Sunday, September 19, 2010

Television Review: The Vampire Diaries

I blame True Blood for getting me into The Vampire Diaries. My boyfriend needed a vampire fix in between the all too short seasons of True Blood, so we decided to add The Vampire Diaries to our watchlist. Though I carefully sidestepped the Twilight movies and have managed to avoid any amount of novels starring werewolves and vampires, I have ended up following ‘Dawson’s Creek with Fangs’, as some might call it. It is based on a series of books by L.J. Smith, which I will never read, and was developed into a series by Kevin Williamson, who also created the Creek series and wrote the first two Scream movies. His trademark is well-written peppy dialogue with a lot of wordplay and pop culture references. The episodes he writes himself do indeed feature that, though the average script for the series is noticeably less sharp.

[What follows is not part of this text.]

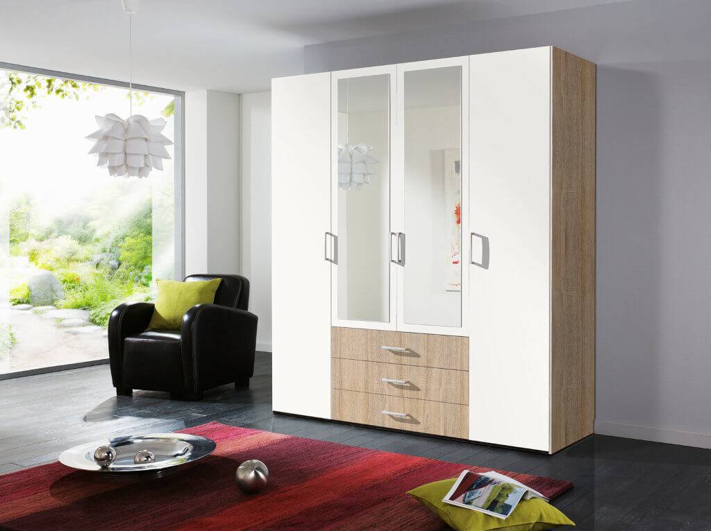 Но далеко не всегда следует придерживаться какого-то одного оттенка для всех предметов мебели в рамках одного помещения. Так, некоторые стили (в большинстве своём, современные) предусматривают использование мебели разных тонов. Поэтому белый шкаф можно смело сочетать с прозрачными пластиковыми стульями и чёрным журнальным столиком. Главное — не бояться экспериментировать и проявлять свою фантазию.

Core of the series are Damon and Stefan Salvatore, brothers who were both turned into vampires in 1864 by the evil vixen Katherine, who happens to be the spitting image of Elena, a girl the siblings both meet and fall for in current day. There’s an explanation for Elena and Katherine looking the same, but let’s just say it’s complicated. (And let’s overlook the fact that the age difference between the Salvatores and their love interest is pretty damn creepy when you think about it.) This all happens in Mystic Falls, a town where the brothers own a mansion in which they lurk around moodily, from the first episode of the series onwards. There is a love triangle between the brothers and Elena, of course, and there is a lot of angst and romantic entanglement among the whole teenage (but really in their twenties) cast. At first the vampires seem to be the only ones out of whack in a fairly normal world, but soon there are witches, vampire hunters and rings that revive you if you die. Werewolves are also likely to put in a first appearance soon.

The series has two main narrative problems: the stakes seem low even when they are high (accidental pun there) and the series hasn’t figured out how to keep its main, popular bad guy around in a way that’s believable. To start with the first problem: those back-from-the-dead rings are a lazy narrative cheat, not to mention a somewhat silly one. In a recent episode, it was suggested that the reviving would only work if something or someone supernatural was involved in the wearer’s demise. So a vampire could twist your head around and you’d die for a bit and ultimately end up just fine, but if you’d trip and hit your head on a coffee table, you’d be toast. Apparently. A couple of times already, the writers have made a spectacle out of killing a main or regular character only to have them – ta-daa! – sit up with a jolt a couple of scenes later, none the worse for wear. That really takes the edge off the threat of mortality. Admittedly, some deaths in the series did take and some people stayed in the afterlife, but watching a death scene with the initial thought ‘Meh, maybe it won’t stick anyway.’ dulls the dramatic impact. Call it the ‘Comic Book Superhero Revolving Door of Death Syndrome’, as also seen on Heroes, where it was part of the decline of the series. The origin of these magic plot-device rings has not been revealed yet, but then the same goes for the rings the Salvatores wear to be able to walk around in daylight, thankfully not glittering Twilight-style as they do so. I wonder if an enigmatic mystic jeweler will soon be putting in an appearance.

The second problem is Damon (Ian Somerhalder), the cool, morally ambiguous and funny ‘bad’ Salvatore brother who gets all the best lines. There’s no doubt he is the most entertaining character and it’s clear he should be kept in the series, but he has done some fairly unforgivable things and been forgiven nonetheless. When one of the leads just mopes around for a couple of episodes when Damon kills (or at least tries to) one of their friends or relatives, you start to wonder why you as a viewer should care, since even the people on screen don’t seem to mind that much. The cast in general seems a bit too blasé about innocent bystanders falling by the wayside at least partly because of their own actions and the emotional impact of a life lost, doesn’t last much beyond a single episode. The good guys come off as irresponsible for letting a loose cannon like Damon run around and even go so far as to hang out with him in a semi-friendly way. The writers are pushing him out of the ‘bad’ zone and into a moral grey area lately, to make his prolonged presence believable, but he still takes the occasional detour across the ‘evil’ threshold. To make him too good would ruin the character, but somehow he needs to be forced into being a relatively good boy for the long term, against his more evil nature. Hey, it worked for Spike from Buffy: The Vampire Slayer, even if it took first sticking a chip into his brain that prevented him from hurting humans and then giving him his soul back. For The Vampire Diaries a witches’ curse might do the trick, as I think in this series vampires still have their soul.

Hopefully The Vampire Diaries will find a proper place for Damon and do away with cheap gimmicks that deflate the tension. The series is unlikely to stick in the mind after it’s all done and dusted years from now, but it makes for entertaining, if highly disposable, viewing.